Too bad they didn't capitalize on any of their 33 shots. The Penguins did, scoring late in the first off an Islanders' coverage breakdown, then again early in the second after John Tavares' turnover, and that was all the Penguins needed, with the Islanders unable to put anything behind Marc-Andre Fleury in a 3-0 loss at Nassau Coliseum, the Isles' third straight loss.

"They didn't outplay us. I thought we controlled most of the play, where we got outplayed in Florida for 40 minutes a game," said Kyle Okposo, who had a couple of good scoring chances early. "It's a step in the right direction."

But the frustration of another scoreless night was evident on Okposo's face. Josh Bailey's, too. Bailey, Blake Comeau and Brian Rolston clicked as a line for the first time this season, but they were unable to break into the goal column as the Islanders were shut out for the second time in their seven games and have scored only eight even-strength goals.

"Tonight, I thought we did a pretty good job of going to the net. Structure-wise, we were good in the offensive zone, we had some net presence," coach Jack Capuano said. "The guys worked hard."

That began right from the opening faceoff, with Okposo, Frans Nielsen and Michael Grabner pushing the tempo. After a stretch of a dozen minutes in which the Isles dominated play and put the Penguins on the defensive, the shots were 9-3 in the Isles' favor, even against a Pittsburgh lineup that included Evgeni Malkin, playing his first game in two weeks.

But Mark Streit got caught down by the faceoff circle on a broken play along the boards in the Pittsburgh zone and Brooks Orpik spied Pascal Dupuis zooming into the neutral zone as no Islander covered for Streit. Dupuis' breakaway shot beat Evgeni Nabokov with 2:54 left in the first.

Just 21 seconds into the second, Tavares left the puck behind as he tried to turn up ice near his blue line.
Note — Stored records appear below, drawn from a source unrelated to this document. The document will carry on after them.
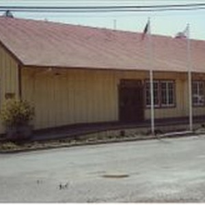 Photo--color: Duncans Mills downtown--building with California and US flags.
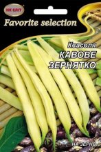 Висоврожайний смачний сорт. Дозріває через -100-105днів після всходів. Рослина кущового типу, кущ компактний, висотою 35-40см, не потребує підв’язки. Боби довгі, жовті до 20см, містять до 10 зернин. Зрілі зерна дивовижні за кольором та розміром – нагадують зерна добірної кави. Смак зерна відмінний, маслянистий, насичений. Сорт лущильний призначений для збору повністю дозрівших квасолин. Квасоля використовується для приготування різних страв, консервування та заморозки. Рослинам потрібен полив, прополка, розпушування та підживлення.
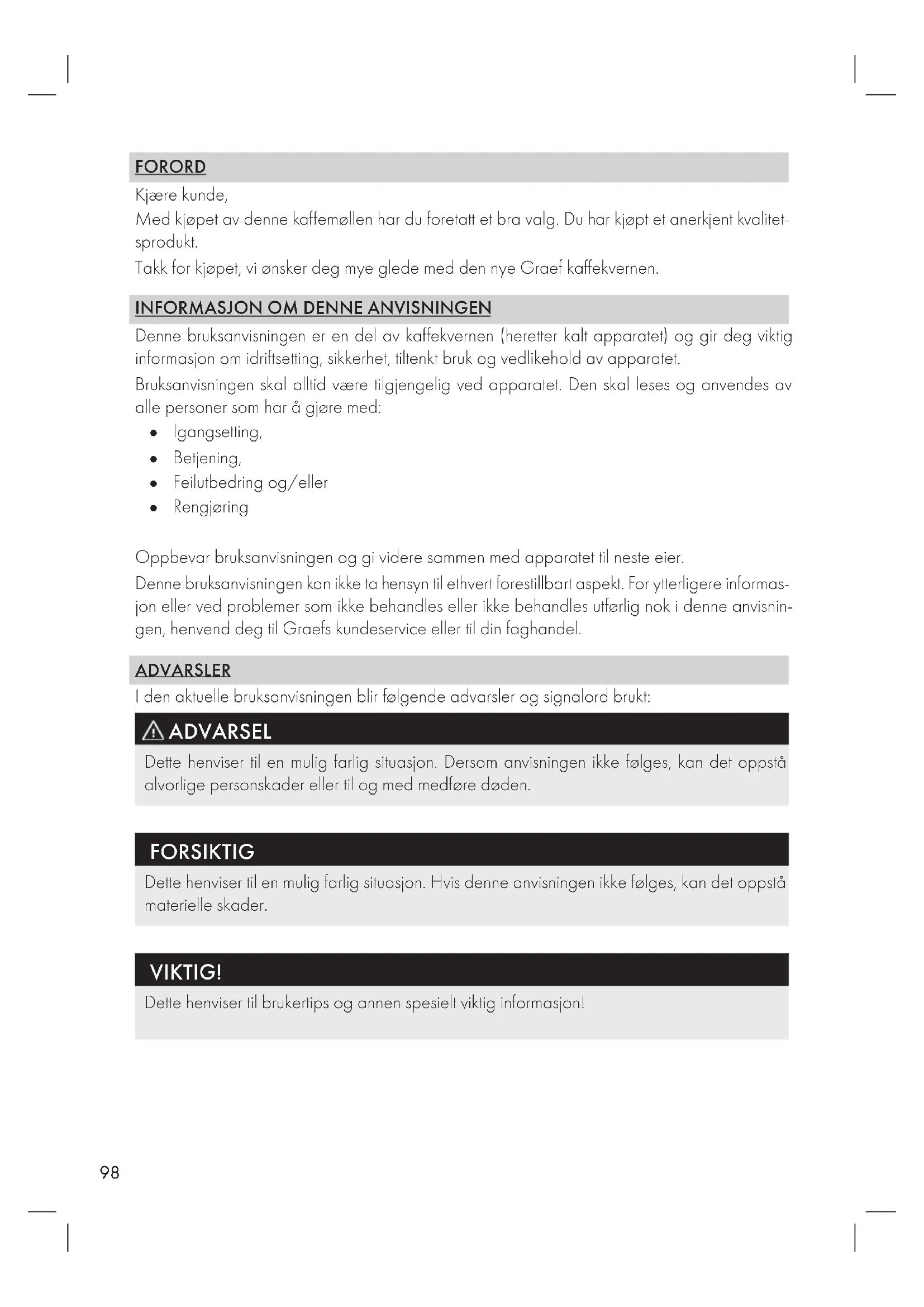Denne bruksanvisningen er en del av kaffekvernen (heretter kalt apparatet) og gir deg viktig informasjon om idriftsetting, sikkerhet, tiltenkt bruk og vedlikehold av apparatet. Bruksanvisningen skal alltid være tilgjengelig ved apparatet. Den skal leses og anvendes av alle personer som har å gjøre med: ● Igangsetting, ● Betjening, ● Feilutbedring og/eller ● Rengjøring Oppbevar bruksanvisningen og gi videre sammen med apparatet til neste eier. Denne bruksanvisningen kan ikke ta hensyn til ethvert forestillbart aspekt. For ytterligere informas- jon eller ved problemer som ikke behandles eller ikke behandles utførlig nok i denne anvisnin- gen, henvend deg til Graefs kundeservice eller til din faghandel. ADVARSLER I den aktuelle bruksanvisningen blir følgende advarsler og signalord brukt: ADVARSEL Dette henviser til en mulig farlig situasjon. Dersom anvisningen ikke følges, kan det oppstå alvorlige personskader eller til og med medføre døden. FORSIKTIG Dette henviser til en mulig farlig situasjon. Hvis denne anvisningen ikke følges, kan det oppstå materielle skader. VIKTIG! Dette henviser til brukertips og annen spesielt viktig informasjon!99

Former Islander Richard Park faked to draw Streit out and snapped a wrist shot to the high corner, and the two-goal lead felt a lot larger.

"There's some little things we still need to improve on," said Matt Moulson, who had a couple of whacks at pucks right in front of Fleury at the start of the third. "We've got to get pucks out, get pucks in deep. And we really have to be able to respond -- we have to bury our chances."

For a team that made the league take notice of its goal- scorers over the second half of last season, the offense's disappearance is a mystery. Tavares has six goals, Moulson and Grabner have two and no one else has more than one; the Okposo-Nielsen-Grabner line that electrified many nights last season has been out of sync so far, despite generating plenty of chances Tuesday.

The same holds true for Bailey's line, which had a golden-chance three-on-two in the second, but Rolston flipped a pass to Bailey coming on a tough angle instead of firing a shot from the slot.

"We had opportunities, we've just got to find a way to put those in," Bailey said.